You Know What Makes New York’s Spy Computer a Little Less Terrifying?

The fact that it’s not run by the FBI. Nationwide. With facial and voice recognition as a core feature.

Because that would be so much worse:

Birthmarks, be damned: the FBI has officially started rolling out a state-of-the-art face recognition project that will assist in their effort to accumulate and archive information about each and every American at a cost of a billion dollars.

The Federal Bureau of Investigation has reached a milestone in the development of their Next Generation Identification (NGI) program and is now implementing the intelligence database in unidentified locales across the country, New Scientist reports in an article this week. The FBI first outlined the project back in 2005, explaining to the Justice Department in an August 2006 document  that their new system will eventually serve as an upgrade to the current Integrated Automated Fingerprint Identification System (IAFIS) that keeps track of citizens with criminal records across America .

“The NGI Program is a compilation of initiatives that will either improve or expand existing biometric identification services,” its administrator explained to the Department of Justice at the time, adding that the project, “will accommodate increased information processing and sharing demands in support of anti-terrorism.”

“The NGI Program Office mission is to reduce terrorist and criminal activities by improving and expanding biometric identification and criminal history information services through research, evaluation and implementation of advanced technology within the IAFIS environment.”

The agency insists, “As a result of the NGI initiatives, the FBI will be able to provide services to enhance interoperability between stakeholders at all levels of government, including local, state, federal, and international partners.” In doing as such, though, the government is now going ahead with linking a database of images and personally identifiable information of anyone in their records with departments around the world thanks to technology that makes fingerprint tracking seem like kids’ stuff.

According to their 2006 report, the NGI program utilizes “specialized requirements in the Latent Services, Facial Recognition and Multi-modal Biometrics areas” that “will allow the FnewBI to establish a terrorist fingerprint identification system that is compatible with other systems; increase the accessibility and number of the IAFIS terrorist fingerprint records; and provide latent palm print search capabilities.”

Read the whole thing. 

They’re going to start by programming it with the criminal database, naturally. Now, everyone who thinks they’re going to stop with the criminal database, raise your hand. Anyone? Anyone? Beuller?

You do know that Facebook was training their Face.com facial recognition software using all those pictures you share with friends, creating a ginormous database linking facial features with personal details, right? Allegedly, Facebook “shut down” the Face.com APIs less than a month after they purchased Face.com outright, but I doubt very much this is the last we’ll see of it.

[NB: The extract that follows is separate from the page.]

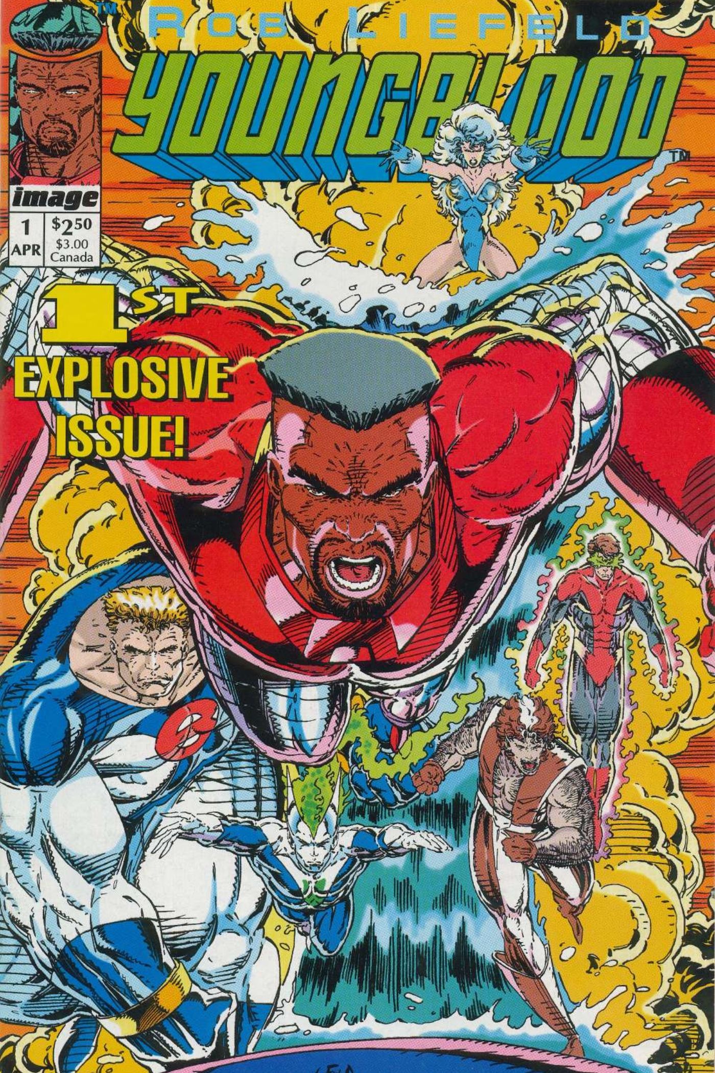 - Youngblood #1: El primer cómic publicado por Image Comics en 1992, la portada de este número es el clásico de Liefeld y surge con una estética explosiva y hardcore.

So, once criminal databases go online and bored FBI techs are sitting around trying to figure out what to do between office chair races, you can expect the FBI to start training the system to recognize everybody. If you have any kind of ID, they already have your photo and personal info. I mean they’re just doing it in case, y’know, you’re ever kidnapped or anything, so they can determine your last known location. It’s all for your own safety. If you disagree, you hate America. You don’t hate America, do you? DO YOU?!

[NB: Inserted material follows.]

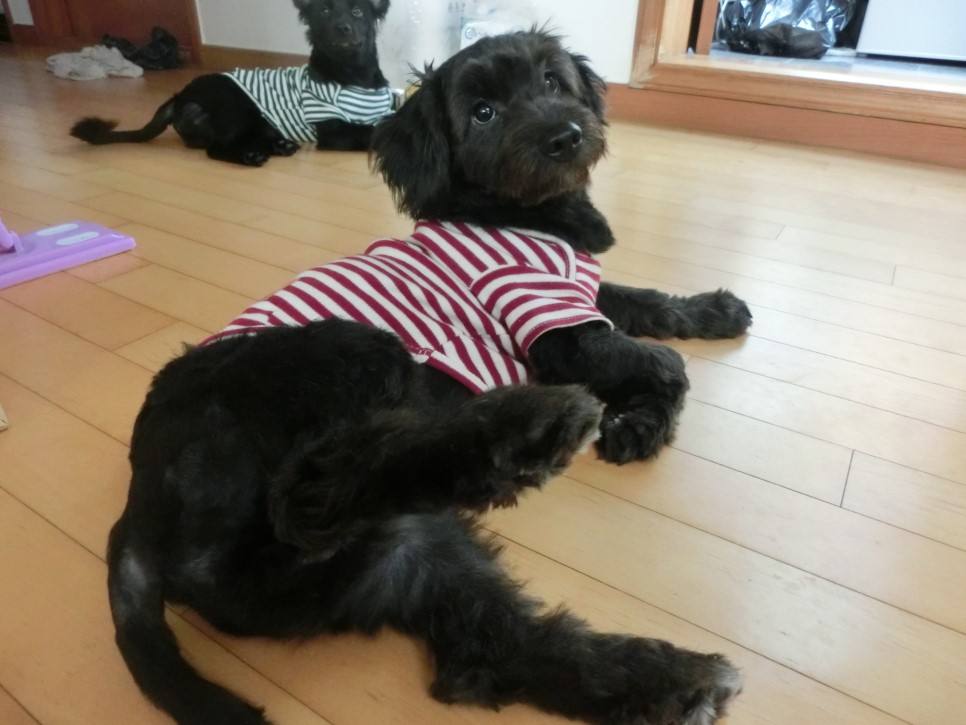 아직 사료를 줄 지 모르는 구름이와 루이, 이제 밥 먹을 시간인데 뭐하고 있는거니? 구름이는 저렇게 뭔가 다리를 올리고 있더라구요. 이 사료를 먹으면, 피모 윤기, 원기회복, 근골격발달, 소화원활 등 강아지에게 참 좋은 것 같더라구요. :)

And just in case you don’t have enough terrifying high-tech spy news today, here’s a little piece on a drone that makes the Predator look like something you’d expect to find at your local RC flying club. You know how the Predator can deliver pin-point death from above using its two Hellfire missiles? Yeah, so … the Reaper has 14 of them. Don’t you feel safer already? I’m sure they’ll never use something that terrifying for domestic law enforcement, right?

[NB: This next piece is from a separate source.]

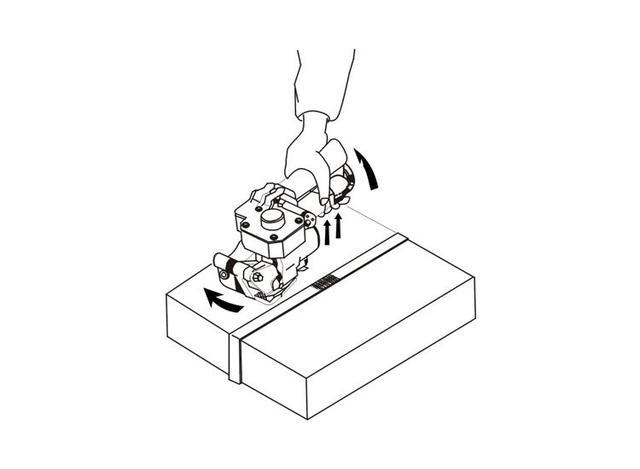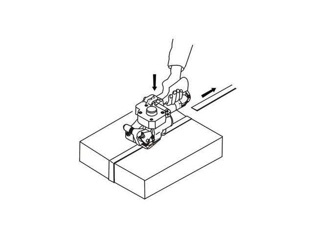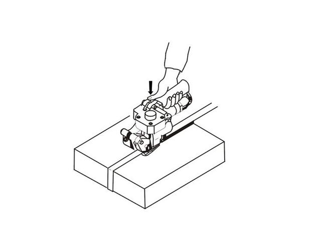 2,機器插入熱熔帶右手握住手柄和張緊器以保證緊輪與壓板掛齒間張開最大。將熱熔帶的上,下部分同時插入打包機中。

Here’s more on New York’s Domain Awareness System, which almost seems quaint in the light of the FBI’s billion dollar national spy system.

About Thomas L. McDonald

Thomas L. McDonald writes about technology, theology, history, games, and shiny things. Details of his rather uneventful life as a professional writer and magazine editor can be found in the About tab.

  • elGaucho

    Chicago has a large surveillance system too. When asked if the program was effective at deterring crime, the Chicago police naturally refused to release the results causing a long legal battle. After reviewing the results, an independent researcher found that Chicago’s statistical study had asked “Do a lack of surveillance cameras on every block cause more crime?” For which, the answer: “inconclusive, therefore, yes.” And thus the city began to build more cameras. But of course, Chicago then began to have a serious murder problem and enterprising drug businesses planned moves to suburbs known for having inhabitants who had tried escaping the city. But we all know that technology can only make things better, or at least, so say technologists. So that serious “problem” of nationwide terrorism we all face will be made better with technology. What is terrorism? Ask Janet Napolitano. But remember that terrorism only ever occurs outside of government buildings so the surveillance system should never be used to monitor those doing the surveillance.